■ Supplied material:
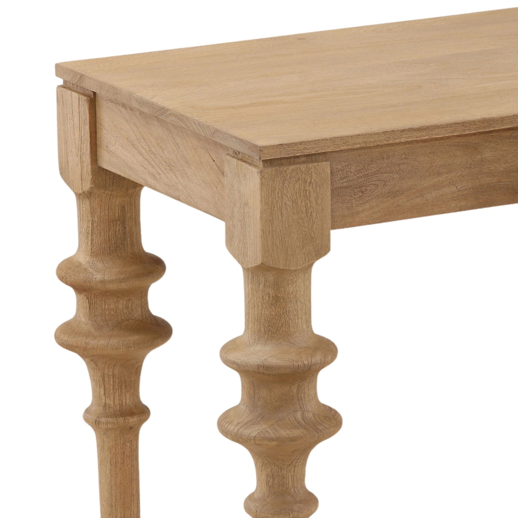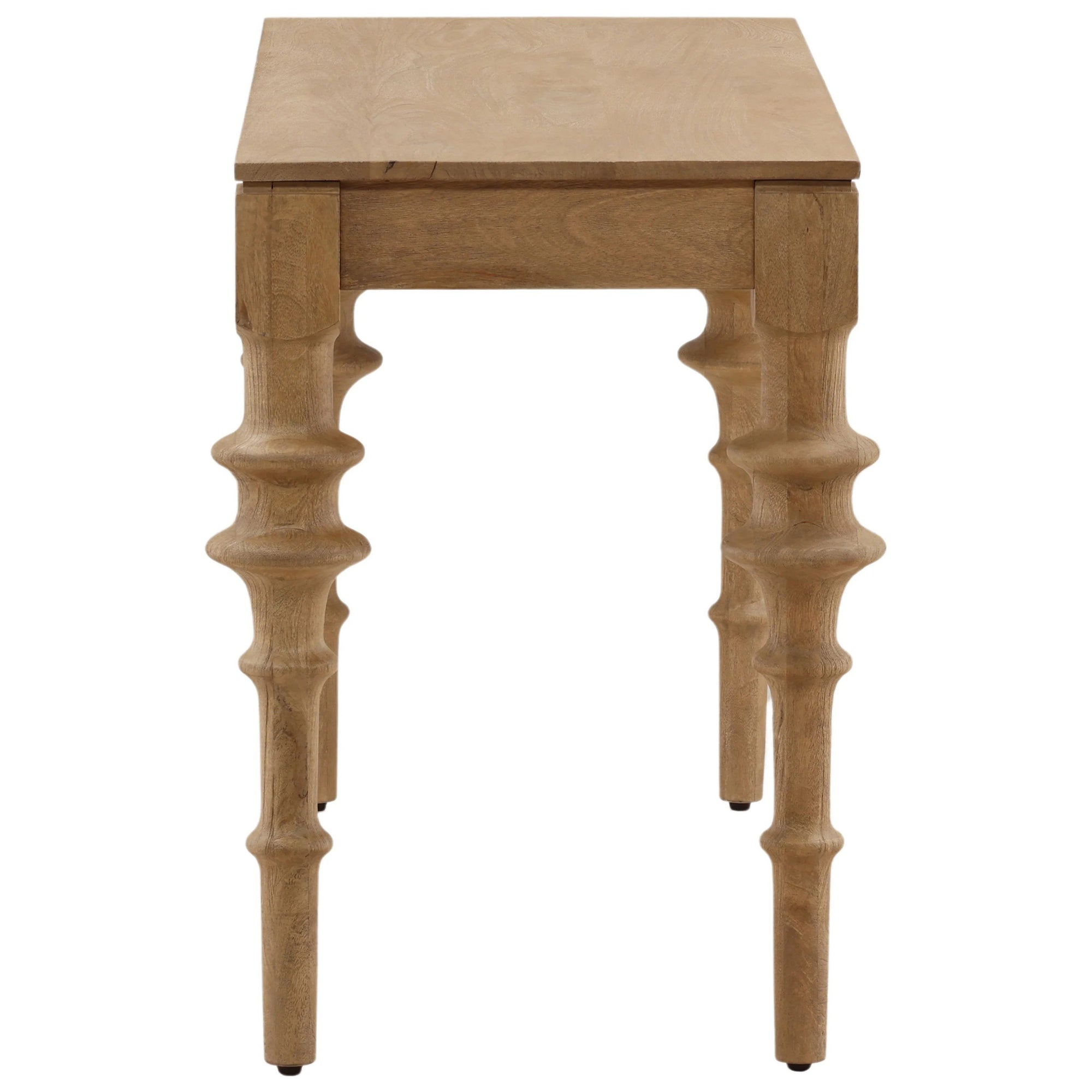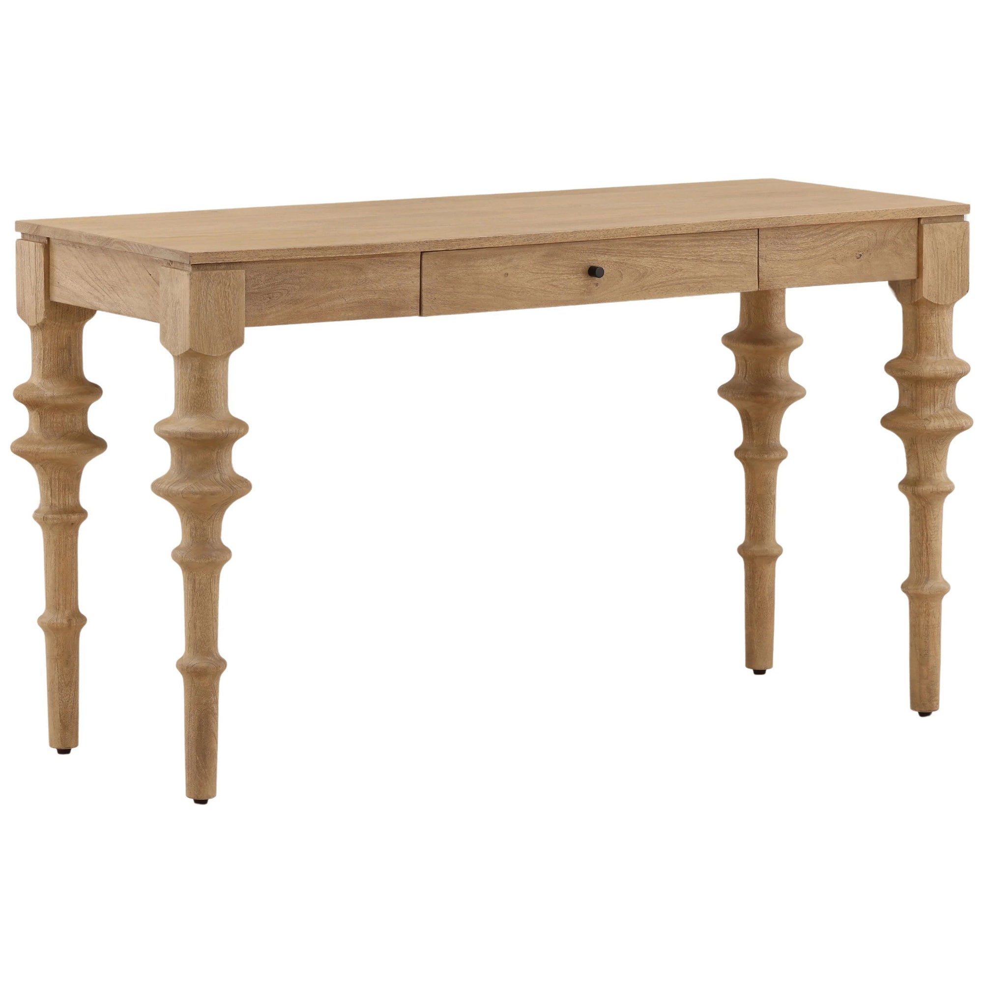The Savin Desk is a distinctive piece that brings artistic craftsmanship and functionality to a home office or creative space. The wide surface offers ample working area, while its most defining feature is the dramatically turned, decorative legs that provide strong visual interest. This refined desk combines practicality with an elegant, statement-making design.
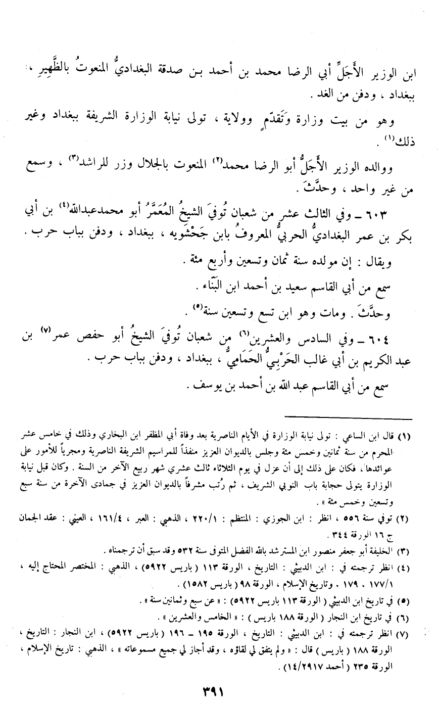 604 - وفي السادس والعشرين من شعبان توفي الشيخ أبو حفص عمر بن عبد الكريم بن أبي غالب الحربي الحمامي، ببغداد، ودفن بباب حرب.
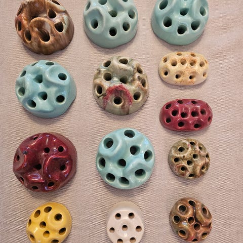 Lieriön ulkohalkaisija 40cm sisähalkaisija 31cm. Korkeus 30cm. Puolikkaissa kolot joiden avulla ne voidaan lukita toisiinsa. Puolikkaan paino n.20kg
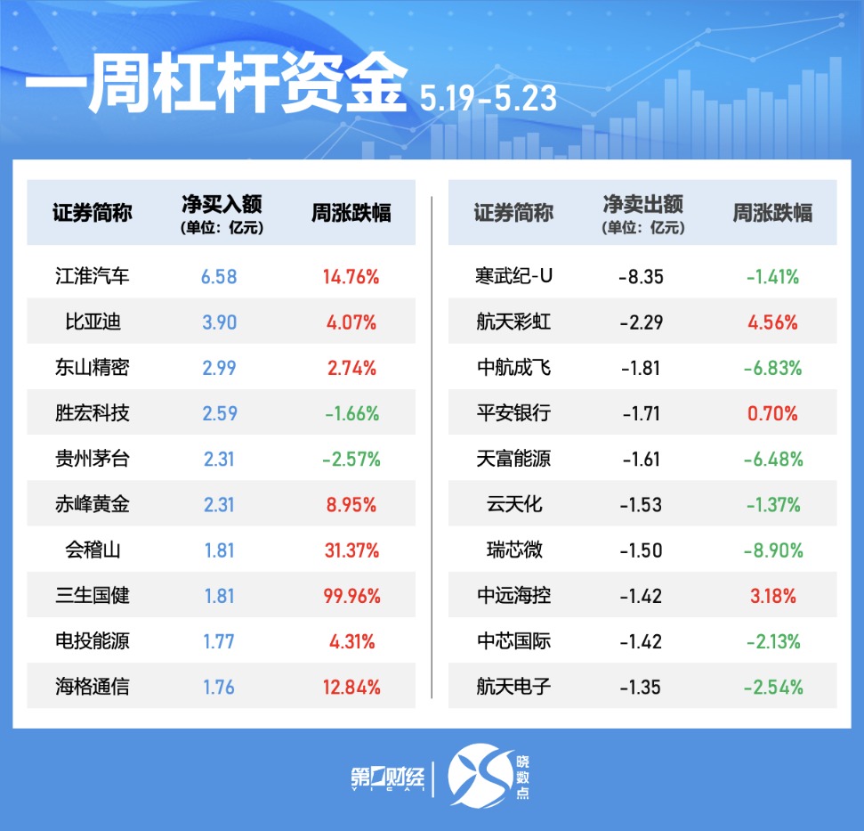 江淮汽车本周获融资净买入居首,净买入额为6.58 亿元。比亚迪、东山精密、胜宏科技净买入居前,金额分别为3.9亿元、2.99亿元、2.59亿元;寒武纪-U、航天彩虹、中航成飞遭净卖出额居前,金额分别为8.35亿元、2.29亿元、1.81亿元。
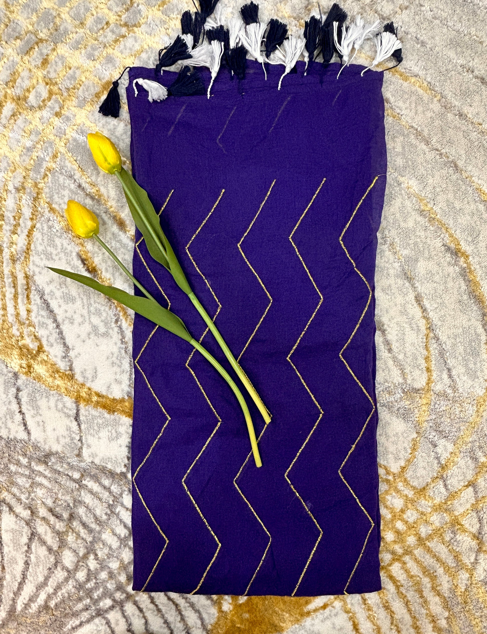Violet color mulcotton saree with zig zag golden tread embroidery all over the body and pallu. Tassels at the end of Pallu. Fabric is mulmul cotton.
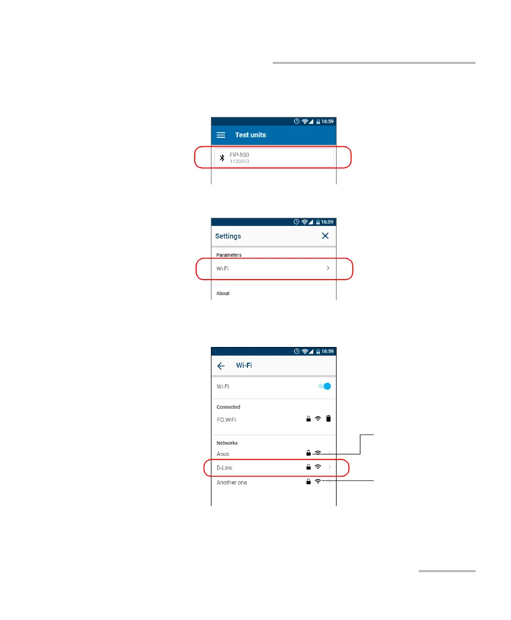 4. From the Test units screen, tap the line corresponding to your FIP-500
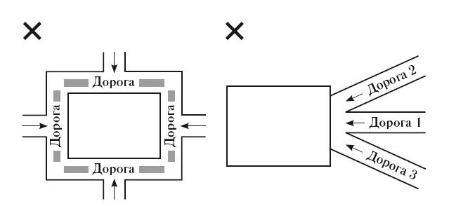 Подъездная дорога должна проходить вдоль границ участка, а от нее должен ответвляться въезд на ваш будущий участок. Знаю, что многие любят выбирать участки в самом отдаленном углу поселка – в тупике. Но часто такая тупиковая дорога упирается прямо в участок (Т-образная развязка), а это очень неблагоприятно. Избегайте участков, в которые упирается дорога или несколько дорог (рис. 3). Такие дороги называются «ударяющими» или «колющими». При этом неважно, с какой стороны света расположена такая «ударяющая» дорога, – с любой стороны она будет приносить негатив и разрушение в ваш дом и вашу семью.
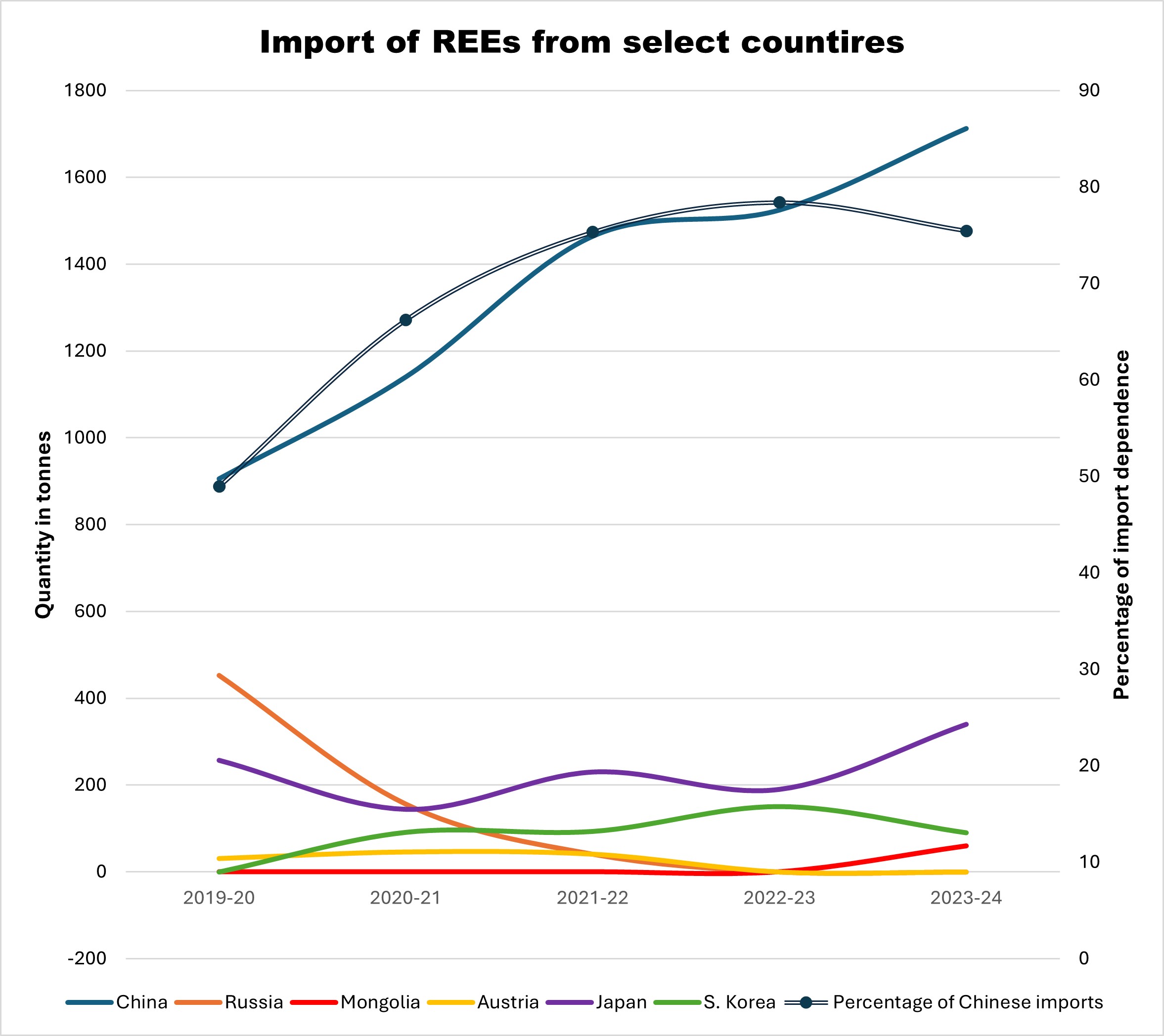 According to the Ministry of Mines India currently remains completely dependent on 10 critical minerals[1]. Particularly, India is making efforts to diversify and reduce dependence on China, which contributes to 80% of the country’s rare earth elements (REE)[2] needs (See Figure 1). There has been a small decline in the share of imports from China due to an increase of imports from Japan and Mongolia, but volumes imported from China have been steadily rising (Figure 1).
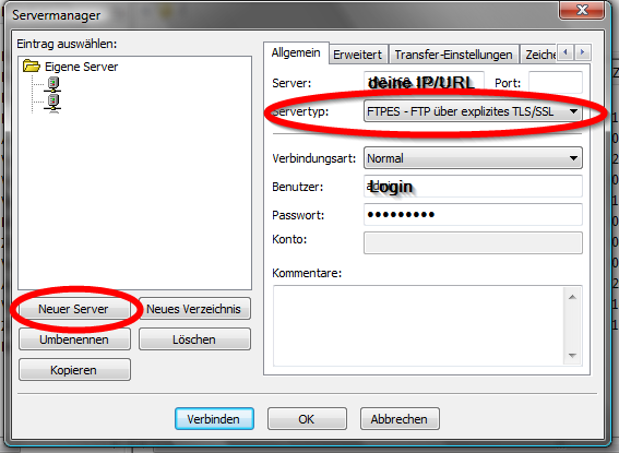 Innerhalb des Servermanagers klicken wir auf "Neuer Server" und geben unsere Daten auf der rechten Seite ein: Als Server die IP- Adresse unseres NAS, Port 21 (oder leer lassen), Als Servertyp wählen wir "FTPES - FTP über explizites TLS/SSL". Somit werden unsere Daten (auch das Passwort) verschlüsselt übertragen- wir wollen uns erst gar nichts Anderes angewöhnen! Der "Benutzer" ist derjenige, den wir vorab im NAS angelegt haben, ebenso sein Passwort. Jetzt noch ein Klick auf "Verbinden" und los gehts:

■ Task details:
Everything from the first line of the listing above through the line that contains "Lieriön ulkohalkaisija 40cm" is to be restated word for word, minus the pictures.

■ Answer to the problem:
The Savin Desk is a distinctive piece that brings artistic craftsmanship and functionality to a home office or creative space. The wide surface offers ample working area, while its most defining feature is the dramatically turned, decorative legs that provide strong visual interest. This refined desk combines practicality with an elegant, statement-making design.
 604 - وفي السادس والعشرين من شعبان توفي الشيخ أبو حفص عمر بن عبد الكريم بن أبي غالب الحربي الحمامي، ببغداد، ودفن بباب حرب.
 Lieriön ulkohalkaisija 40cm sisähalkaisija 31cm. Korkeus 30cm. Puolikkaissa kolot joiden avulla ne voidaan lukita toisiinsa. Puolikkaan paino n.20kg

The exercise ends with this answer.